As far as I'm aware, that's pretty much what the Fusion Drive does. The Finder and installed applications see the two drives (SSD and HDD) as a single drive. As you work with files, the Fusion Drive moves them onto the SSD automatically behind the scenes. Files that aren't actively being used get moved back over to the HDD as needed to make space on the SSD for active files. I guess that's basically a cache, right? But this is built directly into the OS on a deep level. No extra applications necessary. To you and the software you use, it's invisible.
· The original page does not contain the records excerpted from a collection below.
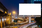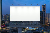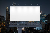 huge blank billboard in the city centre at night, blurred background.
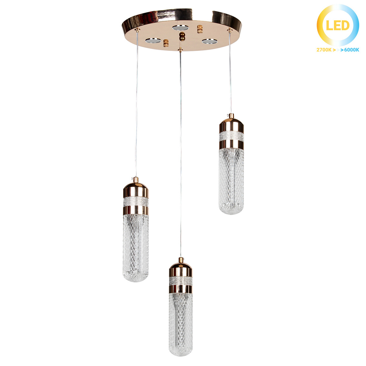 Φωτιστικό κρεμαστό μεταλλικό άνισο LED 24W Φ28 εκ. χρυσό με ακρυλικά - KESKOR 553007
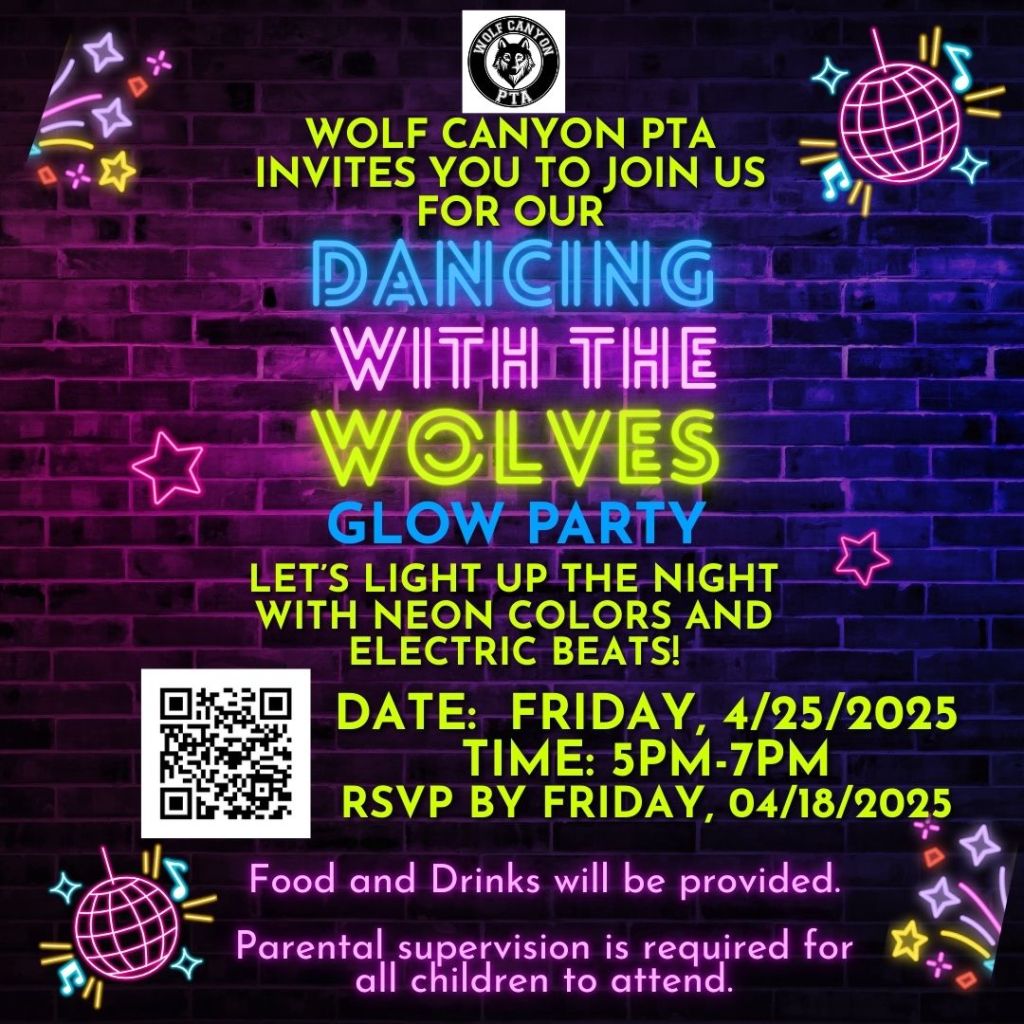 We invite you to join us for Wolf Canyon PTA’s Dances with Wolves on Friday, 4/25 from 5-7 PM in the MPR! All attendees must be accompanied by a parent/adult guardian. Please RSVP by Friday, 4/18 here: https://forms.gle/djrDiXoXeiYomRHs9 See you there!
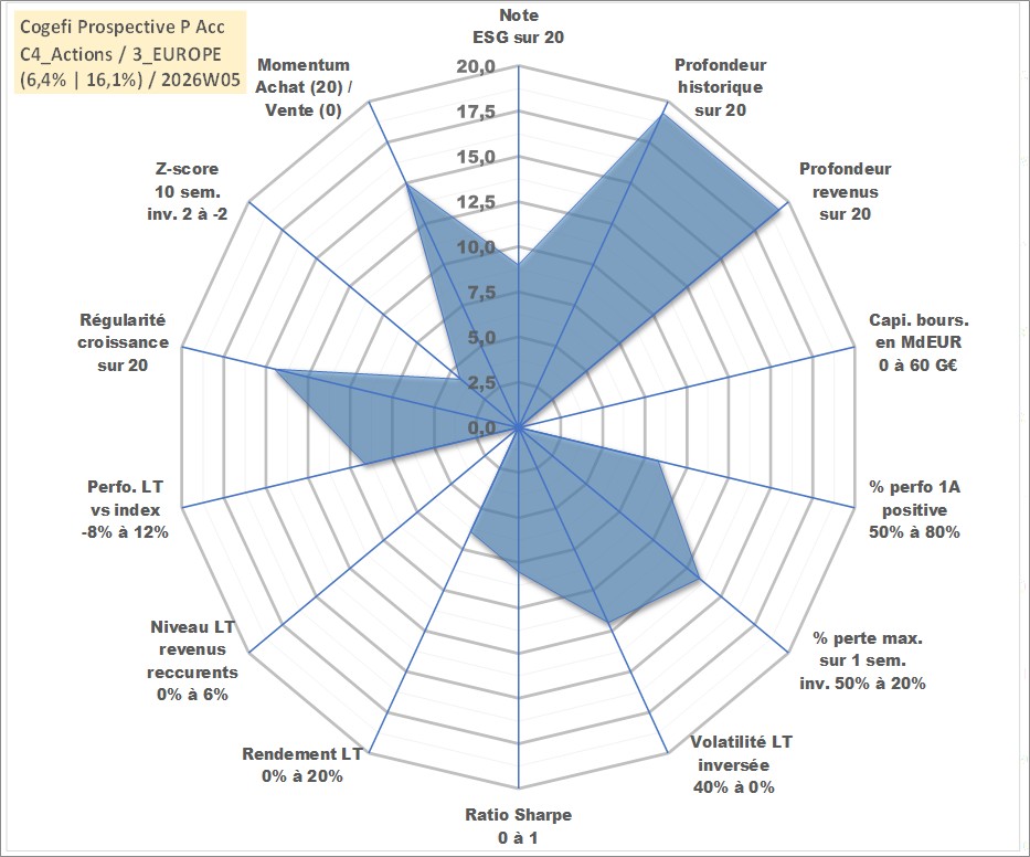 Site dédié aux investisseursPage dédiée sur site financeAnalyse des valorisations hebdomadaires du fonds Cogefi Prospective P Acc. Cet actif est cote en EUR. Les valorisations couvrent les semaines 1998W42 a 2026W05. Les revenus de cet actif financier sont pris en compte depuis la semaine 1998W42. La note globale ESG de cet actif est estimee a 9.0 (apres rebasage entre 0 et 20).
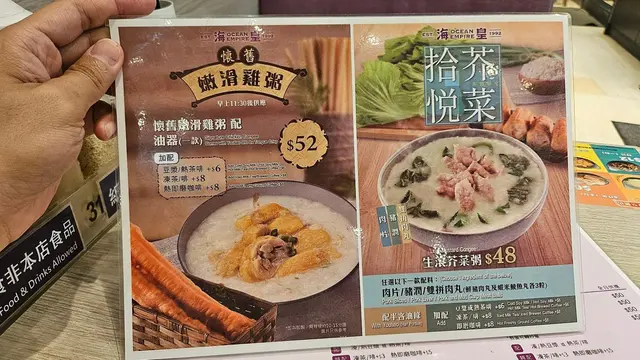 位於尖沙咀的海皇粥店,以其地道的粥品和經典的小吃而聞名,讓人不禁想起童年的美好回憶。我最近光顧了這家店,點了幾道經典菜品,體驗了豐富的味覺享受。首先,我嘗試了「懷舊嫩滑雞粥」。這碗粥的質地非常細膩,粥底滑順,搭配著嫩滑的雞肉,讓人感受到家的溫暖。每一口都充滿了古早的味道,讓我回憶起小時候的早餐時光。為了增添風味,我還配了一份煎堆,外酥內軟,甜而不膩,與粥品的清淡形成了完美的對比。另外,我還點了「海皇一品粥」。這款粥品不僅選用了新鮮的海鮮,還有豐富的配料,口感層次分明。粥底清香,海味濃郁,讓人欲罷不能。配上鮮蝦腸粉與油條,讓整體用餐體驗更加圓滿。鮮蝦腸粉滑嫩可口,油條則酥脆香口,兩者搭配得相得益彰。在飲品方面,我選擇了豆漿,溫暖可口,恰到好處地中和了粥品的味道,讓整頓餐更加豐富。總的來說,海皇粥店是一個讓人放鬆心情的好地方,無論是粥品還是小吃,都讓人感受到濃厚的懷舊氛圍和地道的美味。如果你在尖沙咀,絕對值得一試!…查看更多
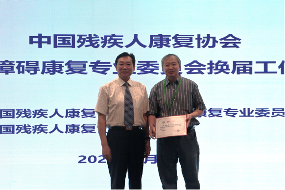 曹躍進秘書長首先為第一屆主任委員孫喜斌教授頒發了榮譽證書并講話。他在講話中指出,在各類殘疾人中,言語語言殘疾人群是語言障礙康復專業委員會的重點服務對象,除此之外,精神殘疾、智力殘疾也普遍存在語言障礙,其康復也是專業委員會的責任。目前,我國語言障礙康復存在人才缺口大、康復體系不完善等諸多問題,希望第二屆專業委員會守正創新、不斷進取,加大學科建設、人才培養、科學研究和社會服務等工作力度,促進我國語言聽力障礙康復專業技術進步,讓更多的殘障者通過高質量專業化的康復服務,得到更多的獲得感和幸福感。
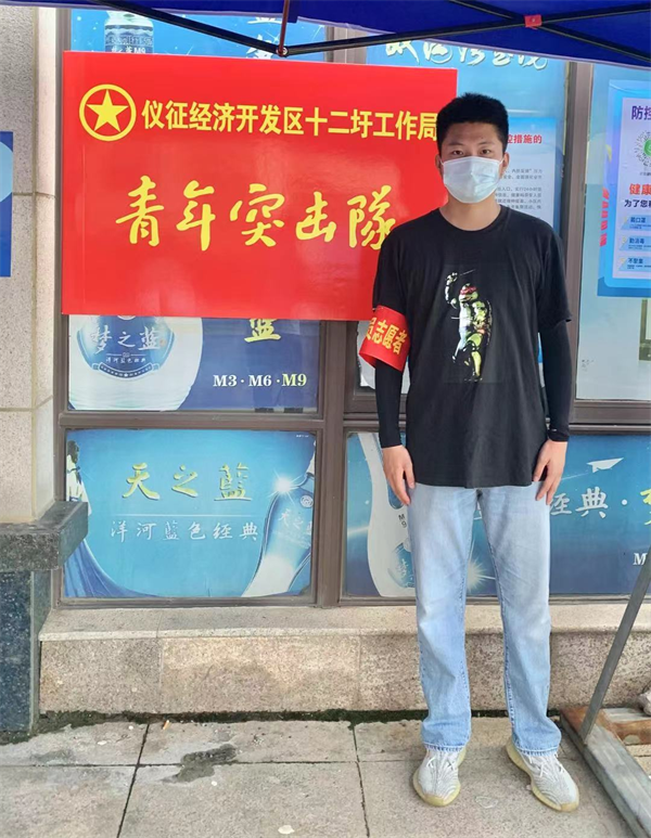 殷杰是集团的90后员工,出生于1998年的他同时也是一名共产党员。疫情发生后,他响应公司号召,主动要求加入志愿服务队。8月10日,来到翡翠湾社区后,便与社区工作人员配合共同完成小区日常管理工作。每天早上七点开始在小区出入口进行体温测量以及两码的检查。顶着炎炎烈日,冒着高温酷暑,对从风险地区返回的户主进行摸排,确保其居家隔离并及时联系社区定时上门进行核酸采样。

The only hitch I'm aware of with this is that the SSD can see a great deal of read/write activity. On some Macs, Apple severely skimped on the SSD (as low as 32GB, I believe) and that tiny drive could end up wearing out early. This actually happened to me on my iMac 5K -- even with a full 128GB SSD as part of its Fusion Drive. By the time I replaced it, the disk utility I was using was estimating just 5% lifetime left after about 4 years of use.

If you're using a full 1TB SSD, though, that would help a lot. As always, you have to be sure you have a good backup of everything -- especially when your new Fusion Drive has two points of potential failure: the HDD and the SSD. If either breaks, your volume is ruined and your data will be lost. But as long as you maintain good backups you'd have something to fall back on.